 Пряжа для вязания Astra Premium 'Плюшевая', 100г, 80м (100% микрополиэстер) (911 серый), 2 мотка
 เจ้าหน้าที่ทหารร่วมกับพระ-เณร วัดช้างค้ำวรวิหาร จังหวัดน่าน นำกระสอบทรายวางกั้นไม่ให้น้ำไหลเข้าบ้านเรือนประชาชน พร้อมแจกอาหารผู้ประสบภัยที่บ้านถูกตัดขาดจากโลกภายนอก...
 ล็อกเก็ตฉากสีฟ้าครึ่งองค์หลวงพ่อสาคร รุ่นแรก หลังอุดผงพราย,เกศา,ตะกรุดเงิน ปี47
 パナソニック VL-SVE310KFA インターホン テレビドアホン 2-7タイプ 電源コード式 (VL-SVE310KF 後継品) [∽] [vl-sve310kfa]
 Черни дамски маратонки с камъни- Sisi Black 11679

==

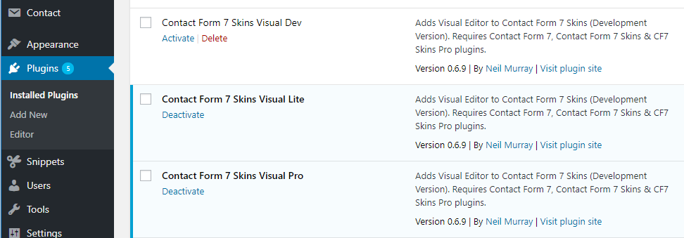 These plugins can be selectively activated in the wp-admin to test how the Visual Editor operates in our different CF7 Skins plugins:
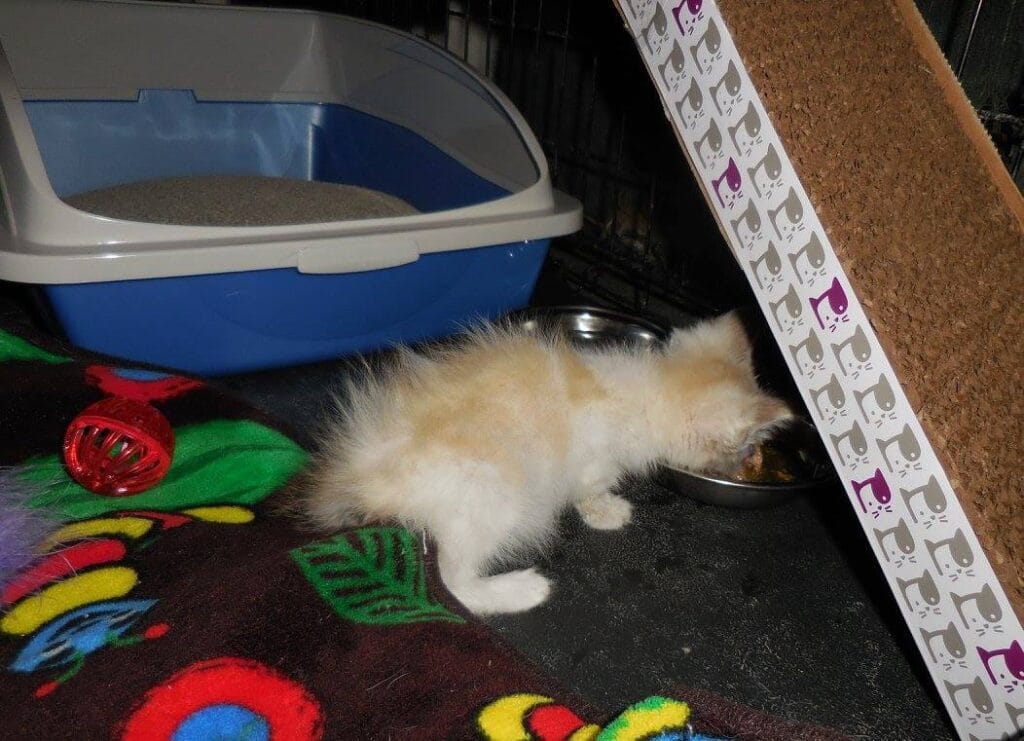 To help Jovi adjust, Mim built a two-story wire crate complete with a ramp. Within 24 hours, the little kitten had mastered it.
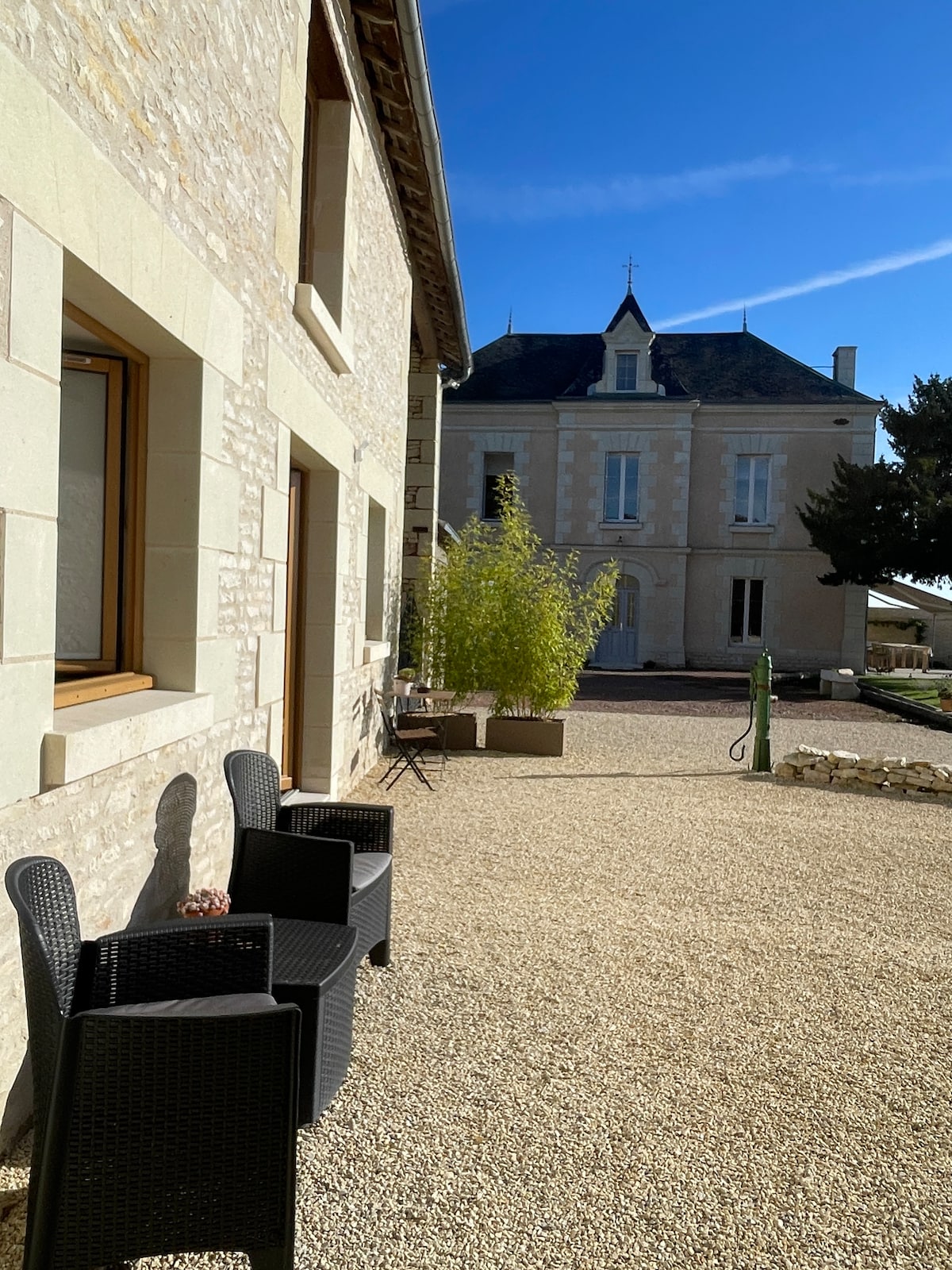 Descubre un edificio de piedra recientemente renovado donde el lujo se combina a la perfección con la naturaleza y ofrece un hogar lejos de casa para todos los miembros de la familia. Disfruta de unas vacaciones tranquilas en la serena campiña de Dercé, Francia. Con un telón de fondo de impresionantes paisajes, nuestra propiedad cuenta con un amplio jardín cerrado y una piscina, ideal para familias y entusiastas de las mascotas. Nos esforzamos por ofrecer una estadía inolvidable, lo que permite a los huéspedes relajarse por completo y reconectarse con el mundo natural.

__Work item__:
Of the lines above, retype only those from the line containing "Пряжа для вязания" through the line containing "Черни дамски маратонки", including both, exactly.

__Response for this exercise__:
 Пряжа для вязания Astra Premium 'Плюшевая', 100г, 80м (100% микрополиэстер) (911 серый), 2 мотка
 เจ้าหน้าที่ทหารร่วมกับพระ-เณร วัดช้างค้ำวรวิหาร จังหวัดน่าน นำกระสอบทรายวางกั้นไม่ให้น้ำไหลเข้าบ้านเรือนประชาชน พร้อมแจกอาหารผู้ประสบภัยที่บ้านถูกตัดขาดจากโลกภายนอก...
 ล็อกเก็ตฉากสีฟ้าครึ่งองค์หลวงพ่อสาคร รุ่นแรก หลังอุดผงพราย,เกศา,ตะกรุดเงิน ปี47
 パナソニック VL-SVE310KFA インターホン テレビドアホン 2-7タイプ 電源コード式 (VL-SVE310KF 後継品) [∽] [vl-sve310kfa]
 Черни дамски маратонки с камъни- Sisi Black 11679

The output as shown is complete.